(Items from a data source)
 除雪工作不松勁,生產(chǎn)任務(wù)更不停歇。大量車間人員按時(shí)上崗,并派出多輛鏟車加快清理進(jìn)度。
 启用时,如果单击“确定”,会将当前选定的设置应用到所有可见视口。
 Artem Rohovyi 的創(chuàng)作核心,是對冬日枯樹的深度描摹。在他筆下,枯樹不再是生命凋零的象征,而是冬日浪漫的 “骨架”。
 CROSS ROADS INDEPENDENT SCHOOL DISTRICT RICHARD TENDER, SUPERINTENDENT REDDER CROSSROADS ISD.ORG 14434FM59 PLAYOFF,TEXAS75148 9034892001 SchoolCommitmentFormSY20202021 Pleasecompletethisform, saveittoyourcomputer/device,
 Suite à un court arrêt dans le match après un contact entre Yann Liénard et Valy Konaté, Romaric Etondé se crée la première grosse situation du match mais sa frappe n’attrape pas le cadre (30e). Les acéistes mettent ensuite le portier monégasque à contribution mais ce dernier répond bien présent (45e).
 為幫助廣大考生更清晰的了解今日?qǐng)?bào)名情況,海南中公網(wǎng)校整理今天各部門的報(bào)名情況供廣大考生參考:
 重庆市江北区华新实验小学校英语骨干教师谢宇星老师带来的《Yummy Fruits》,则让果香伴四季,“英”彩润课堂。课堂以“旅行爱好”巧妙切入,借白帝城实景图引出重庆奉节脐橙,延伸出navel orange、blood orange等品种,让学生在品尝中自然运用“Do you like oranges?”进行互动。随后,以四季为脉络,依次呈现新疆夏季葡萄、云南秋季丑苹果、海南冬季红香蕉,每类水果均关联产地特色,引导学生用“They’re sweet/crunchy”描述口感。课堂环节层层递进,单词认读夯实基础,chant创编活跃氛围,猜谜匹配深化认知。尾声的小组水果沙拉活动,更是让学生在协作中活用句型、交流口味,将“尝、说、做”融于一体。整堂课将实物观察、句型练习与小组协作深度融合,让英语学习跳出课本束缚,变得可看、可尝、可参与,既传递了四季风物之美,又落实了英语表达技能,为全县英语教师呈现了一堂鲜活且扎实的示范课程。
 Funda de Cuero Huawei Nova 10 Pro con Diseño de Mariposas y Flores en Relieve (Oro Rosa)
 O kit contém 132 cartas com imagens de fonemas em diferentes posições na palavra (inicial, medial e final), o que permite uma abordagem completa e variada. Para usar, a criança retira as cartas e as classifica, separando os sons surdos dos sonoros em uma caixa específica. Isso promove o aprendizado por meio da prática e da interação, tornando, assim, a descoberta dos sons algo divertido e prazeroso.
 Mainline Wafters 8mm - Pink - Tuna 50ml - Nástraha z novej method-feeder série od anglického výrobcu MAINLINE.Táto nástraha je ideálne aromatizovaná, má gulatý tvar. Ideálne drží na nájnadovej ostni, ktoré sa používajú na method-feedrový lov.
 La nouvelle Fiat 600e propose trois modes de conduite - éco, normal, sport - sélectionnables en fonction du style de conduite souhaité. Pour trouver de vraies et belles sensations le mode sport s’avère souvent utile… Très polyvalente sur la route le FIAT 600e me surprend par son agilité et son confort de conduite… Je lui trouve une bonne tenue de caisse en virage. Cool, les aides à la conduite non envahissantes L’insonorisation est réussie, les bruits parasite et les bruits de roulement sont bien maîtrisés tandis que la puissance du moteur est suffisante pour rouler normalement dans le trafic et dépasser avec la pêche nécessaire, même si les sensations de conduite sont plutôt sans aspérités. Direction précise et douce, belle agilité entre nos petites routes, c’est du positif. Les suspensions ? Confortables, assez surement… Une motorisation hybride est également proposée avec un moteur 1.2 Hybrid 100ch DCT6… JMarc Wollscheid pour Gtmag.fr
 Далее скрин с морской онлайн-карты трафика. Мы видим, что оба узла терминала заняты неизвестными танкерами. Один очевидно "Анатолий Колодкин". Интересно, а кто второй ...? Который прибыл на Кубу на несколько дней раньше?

Your goal
Retype exactly the lines from the start of the entries through the one with "為幫助廣大考生更清晰的了解今"; include both ends.

Task result
 除雪工作不松勁,生產(chǎn)任務(wù)更不停歇。大量車間人員按時(shí)上崗,并派出多輛鏟車加快清理進(jìn)度。
 启用时,如果单击“确定”,会将当前选定的设置应用到所有可见视口。
 Artem Rohovyi 的創(chuàng)作核心,是對冬日枯樹的深度描摹。在他筆下,枯樹不再是生命凋零的象征,而是冬日浪漫的 “骨架”。
 CROSS ROADS INDEPENDENT SCHOOL DISTRICT RICHARD TENDER, SUPERINTENDENT REDDER CROSSROADS ISD.ORG 14434FM59 PLAYOFF,TEXAS75148 9034892001 SchoolCommitmentFormSY20202021 Pleasecompletethisform, saveittoyourcomputer/device,
 Suite à un court arrêt dans le match après un contact entre Yann Liénard et Valy Konaté, Romaric Etondé se crée la première grosse situation du match mais sa frappe n’attrape pas le cadre (30e). Les acéistes mettent ensuite le portier monégasque à contribution mais ce dernier répond bien présent (45e).
 為幫助廣大考生更清晰的了解今日?qǐng)?bào)名情況,海南中公網(wǎng)校整理今天各部門的報(bào)名情況供廣大考生參考:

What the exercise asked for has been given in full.